[What this task involves]: Collect all lines from the records below that include the word "with".

[Source data]:
★ ★ ★ ★ ★

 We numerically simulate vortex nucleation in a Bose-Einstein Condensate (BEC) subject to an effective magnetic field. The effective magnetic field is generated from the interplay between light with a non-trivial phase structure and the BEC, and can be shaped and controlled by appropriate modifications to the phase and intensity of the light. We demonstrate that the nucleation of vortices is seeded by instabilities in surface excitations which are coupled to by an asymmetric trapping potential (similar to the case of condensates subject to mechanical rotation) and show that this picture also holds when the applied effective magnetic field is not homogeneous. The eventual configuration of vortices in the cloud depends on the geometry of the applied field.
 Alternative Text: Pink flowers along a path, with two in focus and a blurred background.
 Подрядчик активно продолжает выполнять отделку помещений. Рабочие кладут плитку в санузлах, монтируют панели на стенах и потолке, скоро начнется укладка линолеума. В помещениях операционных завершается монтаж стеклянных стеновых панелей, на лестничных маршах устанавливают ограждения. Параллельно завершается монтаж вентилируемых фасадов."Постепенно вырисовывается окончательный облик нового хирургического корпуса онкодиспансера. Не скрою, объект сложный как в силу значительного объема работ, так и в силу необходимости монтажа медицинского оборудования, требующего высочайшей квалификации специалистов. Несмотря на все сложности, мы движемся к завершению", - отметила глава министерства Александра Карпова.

★ ★ ★ ★ ★

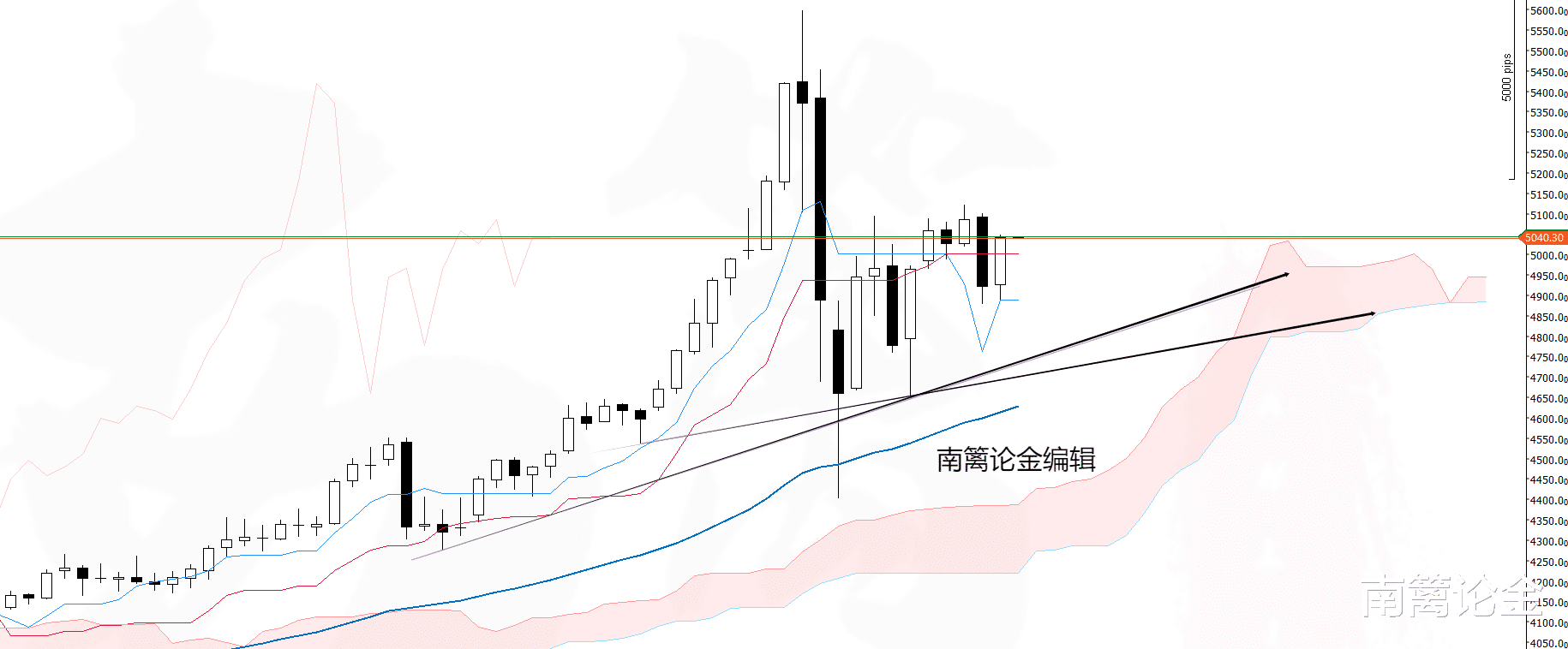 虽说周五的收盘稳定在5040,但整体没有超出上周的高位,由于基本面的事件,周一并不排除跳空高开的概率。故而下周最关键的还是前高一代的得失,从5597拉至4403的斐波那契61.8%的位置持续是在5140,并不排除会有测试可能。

★ ★ ★ ★ ★

[Solution for this problem]:
 We numerically simulate vortex nucleation in a Bose-Einstein Condensate (BEC) subject to an effective magnetic field. The effective magnetic field is generated from the interplay between light with a non-trivial phase structure and the BEC, and can be shaped and controlled by appropriate modifications to the phase and intensity of the light. We demonstrate that the nucleation of vortices is seeded by instabilities in surface excitations which are coupled to by an asymmetric trapping potential (similar to the case of condensates subject to mechanical rotation) and show that this picture also holds when the applied effective magnetic field is not homogeneous. The eventual configuration of vortices in the cloud depends on the geometry of the applied field.
 Alternative Text: Pink flowers along a path, with two in focus and a blurred background.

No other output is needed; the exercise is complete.